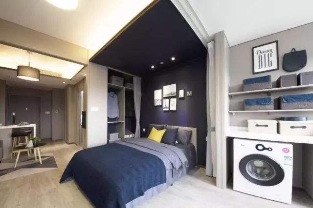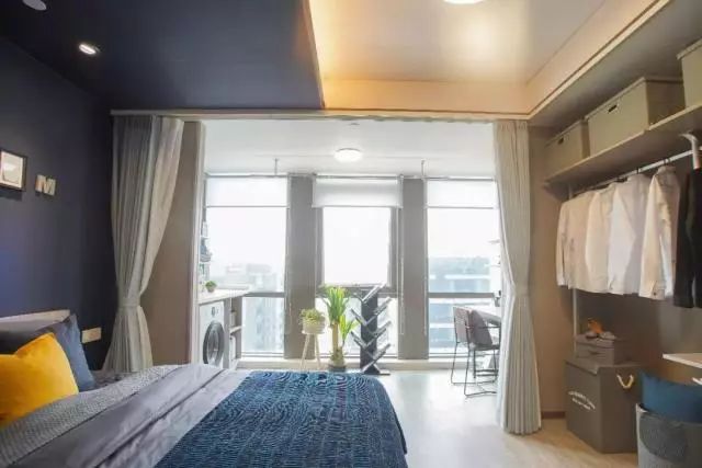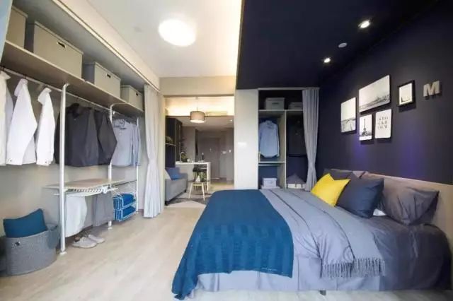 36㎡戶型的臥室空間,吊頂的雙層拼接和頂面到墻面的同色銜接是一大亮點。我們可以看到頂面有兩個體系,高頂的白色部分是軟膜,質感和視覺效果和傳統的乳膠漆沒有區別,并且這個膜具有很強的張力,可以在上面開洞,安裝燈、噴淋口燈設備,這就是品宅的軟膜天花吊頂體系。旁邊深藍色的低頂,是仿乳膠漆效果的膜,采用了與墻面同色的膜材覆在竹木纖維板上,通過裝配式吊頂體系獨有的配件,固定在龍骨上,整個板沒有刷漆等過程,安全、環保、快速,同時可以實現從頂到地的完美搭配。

-*-

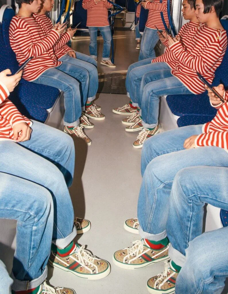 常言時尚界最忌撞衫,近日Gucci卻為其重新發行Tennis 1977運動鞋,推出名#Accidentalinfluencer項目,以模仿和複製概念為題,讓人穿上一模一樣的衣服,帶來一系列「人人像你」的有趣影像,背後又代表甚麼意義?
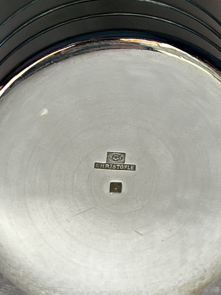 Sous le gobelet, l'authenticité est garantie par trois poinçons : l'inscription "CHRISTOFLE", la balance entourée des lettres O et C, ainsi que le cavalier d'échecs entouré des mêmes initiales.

-*-

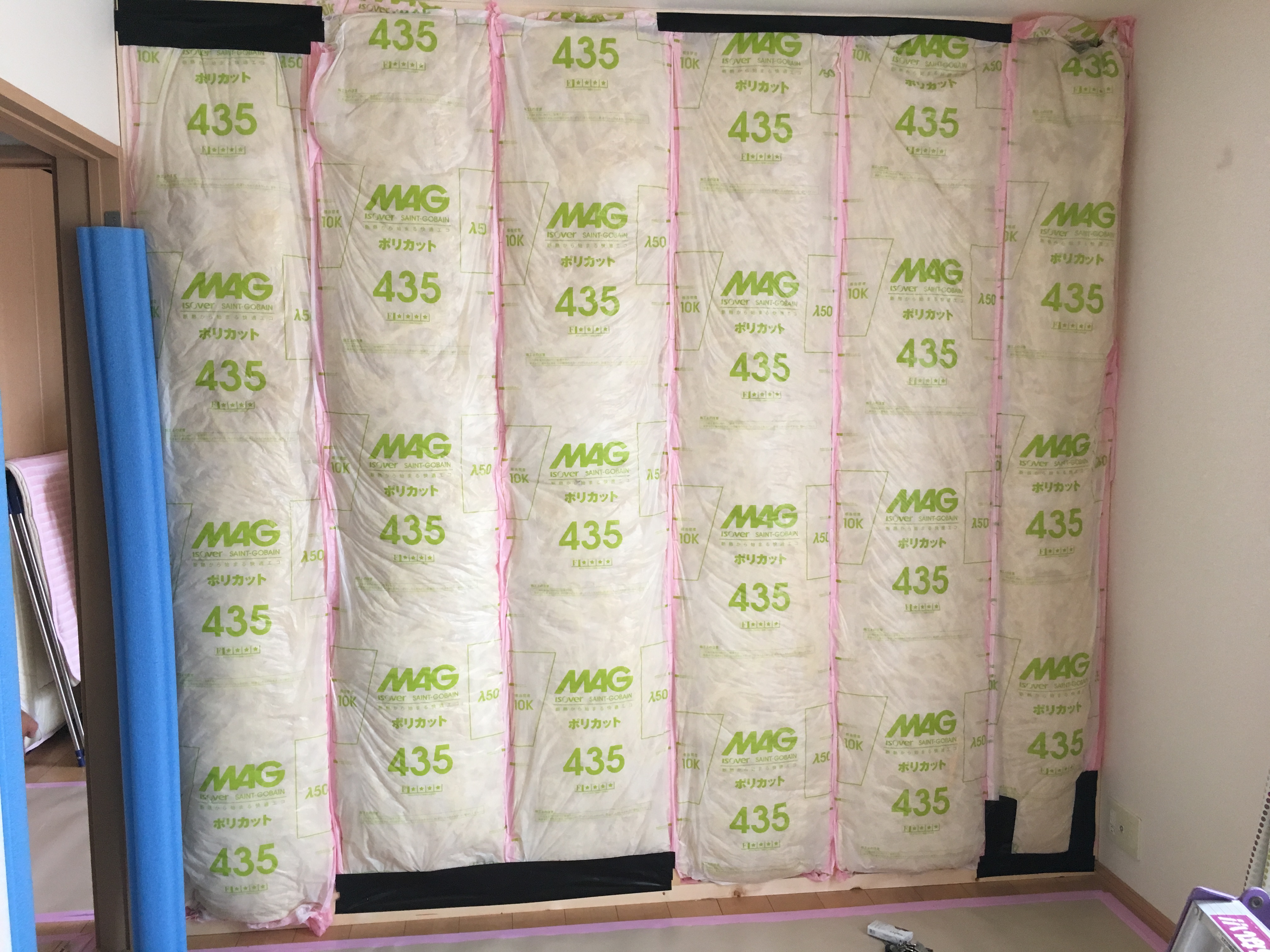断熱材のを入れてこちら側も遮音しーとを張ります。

-*-

Return only the stretch above from the line containing "常言時尚界最忌撞衫,近日Gu" through the line containing "Sous le gobelet, l'authenticité", word for word and without pictures.

→ WRITTEN SOLUTION
 常言時尚界最忌撞衫,近日Gucci卻為其重新發行Tennis 1977運動鞋,推出名#Accidentalinfluencer項目,以模仿和複製概念為題,讓人穿上一模一樣的衣服,帶來一系列「人人像你」的有趣影像,背後又代表甚麼意義?
 Sous le gobelet, l'authenticité est garantie par trois poinçons : l'inscription "CHRISTOFLE", la balance entourée des lettres O et C, ainsi que le cavalier d'échecs entouré des mêmes initiales.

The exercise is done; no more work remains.